For questions, comments, consulting or media inquiries, please email:

andrewgavinmarshall@mail.com

Discussion

20 Responses to “Contact”

  1. I just read your article “The Global…It’s All Greek To ME”. The best summation on the financial scam (since the Federal Reserve was given it’s license to rape and pillage the world in 1913) in one article I’ve read so far. At the very end you give some hope of “common person” world unity to affect change. Simple, if everyone put down their weapons and went home the problems of the world would be immediately solved, as the biggest proportion of real world debt is due to war and the procurement of weapons to kill each other. The perfect solution for those at the top has always been to keep those at the bottom killing each other and selling them the weapons to do it.

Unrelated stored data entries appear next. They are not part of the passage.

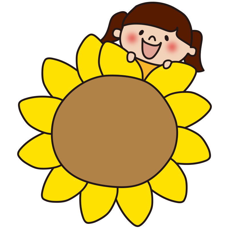 文字が書けるくらい大きなヒマワリに乗る子供(女の子2)
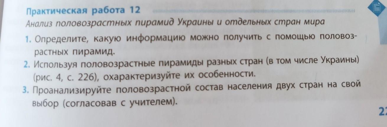 1. Віково-статеві піраміди являють собою діаграми, на яких кількість людей кожного віку (або їх частка у населенні) зображено горизонтальною смугою певного масштабу. Смуги розташовуються одна над одною в порядку збільшення значень віку, в лівій частині діаграми — для чоловіків, у правій — для жінок. Віково-статеві піраміди будуються, зазвичай, за річним або п'ятирічними віковими групами, а іноді і по десятирічних групах. Однак статево-вікові піраміди, побудовані за великим вікових групах, не розкривають детальні особливості вікового та статевого складу населення.
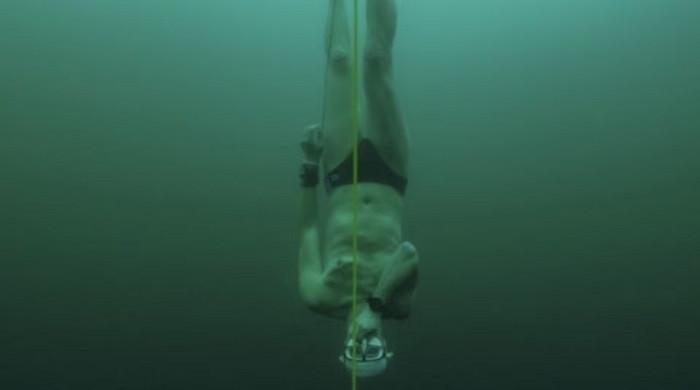 Free-diver plunges to record depth beneath frozen Swiss lake

I realize that this new “banking scam” has added a tremendous burden to world citizens, but as always war is their answer and the general population is always willing to participate. Thus history shall repeat itself until the hordes have finally lost their taste for blood. The answer has always been in our hands, but nobody really wants peace.

    Posted by Deacon | July 17, 2011, 3:27 pm
  2. Dear Mr. Marshall,

    I have followed with interest your essays on economics, which I have accessed through the CRG. You may be interested in a work of mine, entitled The Empire Strikes a Match in a World Full of Oil.
    You might also find an older book — Dysfunctions of the Welfare State (Rutgers U Press, 2010) — of interest.

    The new edition of The Empire is not out yet, but I’ll send along the galleys. Just contact me at the email address below.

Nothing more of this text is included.